Fecha: 27 de Octubre de 2023

Tribunal: Audiencia Nacional

Ponente: RAMON CASTILLO BADAL

Núm. Cendoj: 28079230062023100766

Núm. Ecli: ES:AN:2023:5702

Núm. Roj: SAN 5702:2023

Resumen:
DENEGACION RECONOCIMIENTO CONDICION REFUGIADO

Encabezamiento

A U D I E N C I A N A C I O N A L

Sala de lo Contencioso-Administrativo

SECCIÓN SEXTA

Núm. de Recurso: 0001365 /2021

Tipo de Recurso: PROCEDIMIENTO ORDINARIO

Núm. Registro General: 4659/2021

Demandante: Dª Antonieta

Procurador: D. JAVIER GONZÁLEZ FERNÁNDEZ

Demandado: MINISTERIO DE INTERIOR

Abogado Del Estado

Ponente IImo. Sr.: D. RAMÓN CASTILLO BADAL

S E N T E N C I A Nº :

IIma. Sra. Presidente:

Dª. BERTA SANTILLAN PEDROSA

Ilmos. Sres. Magistrados:

D. FRANCISCO DE LA PEÑA ELIAS

D. SANTOS GANDARILLAS MARTOS

Dª. MARIA JESUS VEGAS TORRES

D. RAMÓN CASTILLO BADAL

Madrid, a veintisiete de octubre de dos mil veintitrés.
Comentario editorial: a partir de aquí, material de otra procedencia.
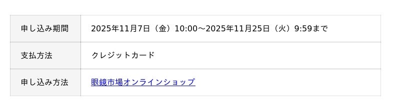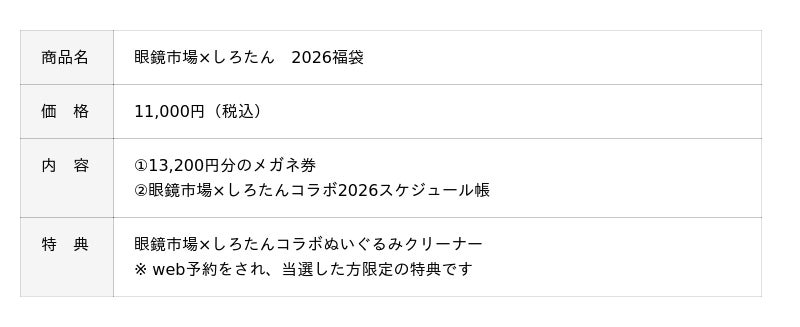 株式会社メガネトップ(本社:静岡市葵区、代表取締役社長:冨澤昌宏、以下「眼鏡市場」)は、「眼鏡市場×しろたん 2026福袋」の抽選販売を2025年11月7日(金)より、眼鏡市場×しろたん2026福袋特設サイト(https://www.meganeichiba.jp/lp/fukubukuro2026/)にて開始します。

Visto el presente recurso contencioso administrativo nº 1365/2021, interpuesto ante esta Sala de lo Contencioso-Administrativo de la Audiencia Nacional por el Procurador D. Javier González Fernández, en nombre y representación de Dª Antonieta , nacional de Colombia, contra la resolución del Ministerio del Interior de fecha 19 de enero de 2021, denegatoria de la solicitud de protección internacional, en el que la Administración demandada ha estado dirigida y representada por el Abogado del Estado.

Antecedentes

PRIMERO: Son objeto del presente recurso contencioso administrativo la resolución del Ministerio del Interior de fecha 19 de enero de 2021, denegatoria de la solicitud de protección internacional formulada por Dª Antonieta, nacional de Colombia.

SEGUNDO: Presentado el recurso, se reclamó el expediente administrativo y se dio traslado de todo ello al actor para que formalizara la demanda, el cual expuso los hechos, invocó los fundamentos de Derecho y terminó por suplicar que, previos los trámites legales pertinentes, se dicte sentencia por la que estimando la demanda:

" declare no conforme a derecho la resolución recurrida y acuerde la concesión del derecho de protección internacional y en defecto de este de la protección subsidiaria a Dª Antonieta, nacional de Colombia; todo ello, con expresa condena en costas a la Administración demandada ".

TERCERO: Formalizada la demanda se dio traslado al Abogado del Estado para que la contestara, el cual expuso los hechos y fundamentos de Derecho y suplicó se dictara sentencia desestimando el recurso, con imposición de costas a la parte recurrente.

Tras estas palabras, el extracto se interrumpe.